第5幕 シャルロッテ
「あらシャルロッテ。どこに行っていたの?」
剣舞の輪から外れ、休憩所で休んでいた少女は尋ねた。
「少し、夜風に当たって参りました。ヘンリエッタお姉様もお休み中なのですね」
ルシアが見かけた娘───シャルロッテと呼ばれた少女は無表情を崩さずに答える。
「ええ。今はアニエスたちがメインで頑張ってくれてるわ。それより、今日は何かいいことでもあったのかしら?」
ヘンリエッタは無表情の裏に隠された感情を読み取って尋ねる。
「お姉様には黙っていてもお見通しなのですね」
無表情だったシャルロッテの顔が少しほころぶ。
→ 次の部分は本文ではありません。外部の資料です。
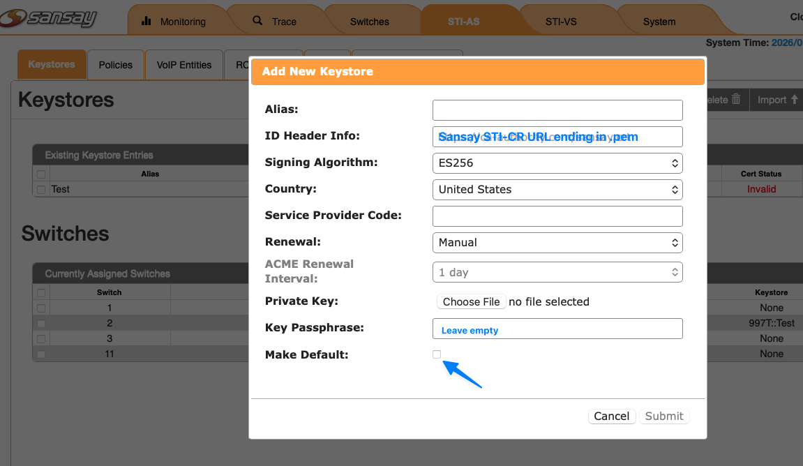 - When re-keying a Sansay NSS system, you will first need to import the new keystore and then update the keystore to all applicable switche/SBCs. Screenshots below. This is done under STI-AS > Configuration.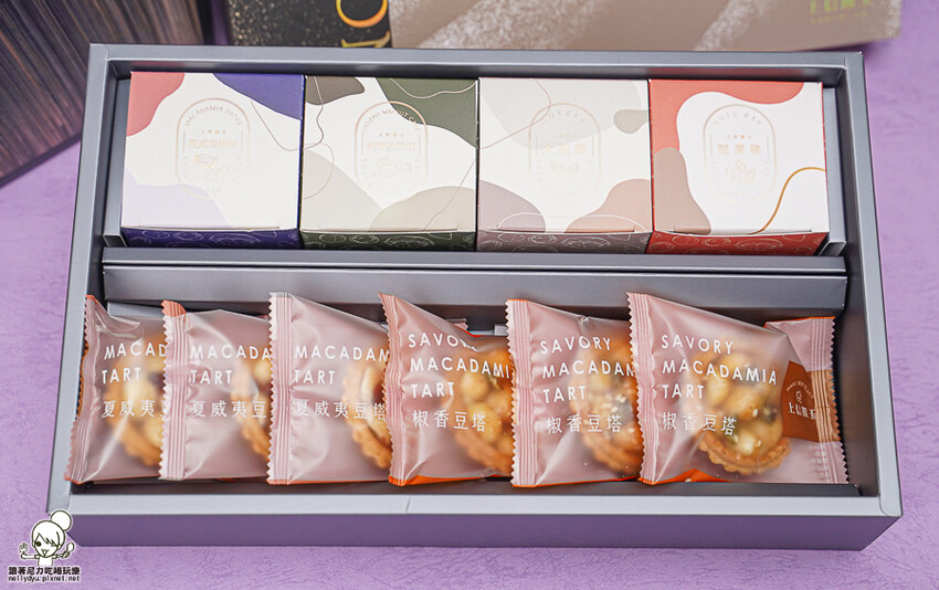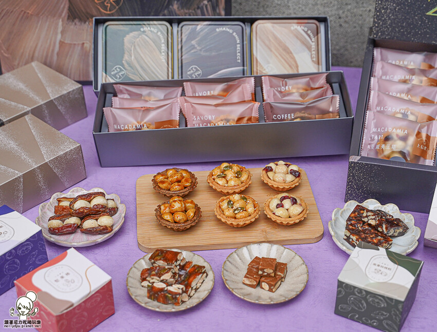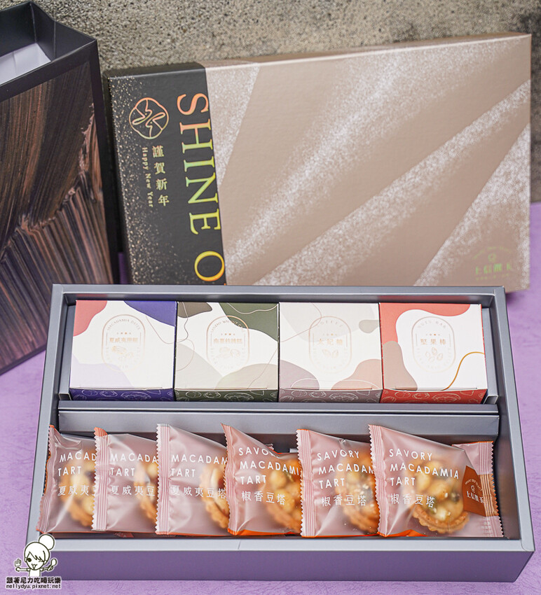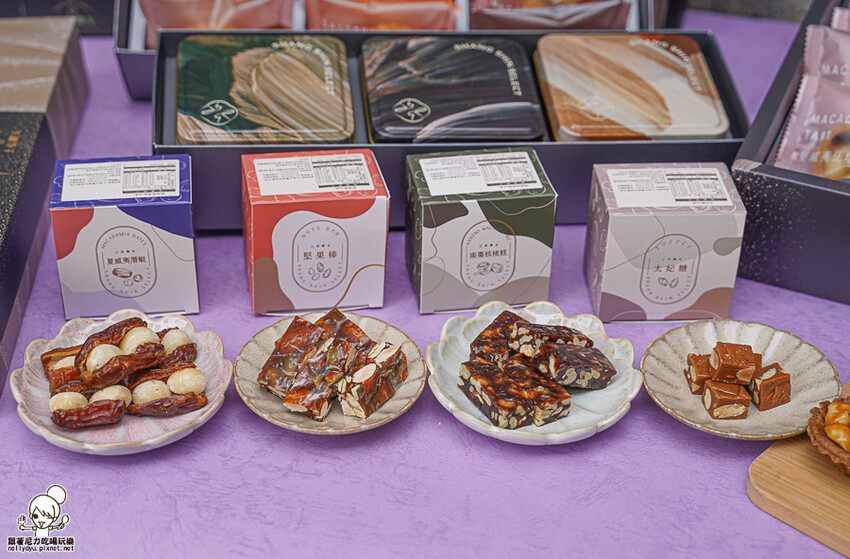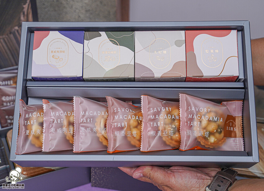 夏威夷豆塔3入、椒香豆塔3入、太妃糖5入小方盒、堅果棒5入小方盒、夏威夷潛艇5入小方盒、南棗核桃糕5入小方盒

ヘンリエッタの顔にも自然と笑みが浮かんだ。
「もちろん、姉妹だもの」
「今日は、とても綺麗な月と出会えました…」
「そうだったのね」
ヘンリエッタはそれ以上、尋ねることはなく、ただにっこりと笑うだけだった。
「それでは失礼します、お姉様」
シャルロッテはそう言って、すたすたとそのまま奥の部屋へと消えていった。
「綺麗な月に…出会えた、ね…。さて、私もそろそろ戻ろうかしら」
ヘンリエッタは立ち上がると、休憩所を後にしたのだった。
風のない窓際、先程奥へ入ったシャルロッテが窓の外を見上げていた。
「……」
少女はじっと黙って、軽く目を閉じる。シャルロッテも、姉であるヘンリエッタを慕い、騎士に憧れる一人だった。
「おやすみなさい…」
少女はそう言って横になると、そのまま深い眠りに落ちていったのだった。
こうして、少女達は騎士への道を歩んでいく。
過去の思い出から、未来の物語へ。
ここから始まるのは、一つの戦争の記録。
そして、ルシアとリムネッタ───夢見る二人の少女が紡ぐ物語。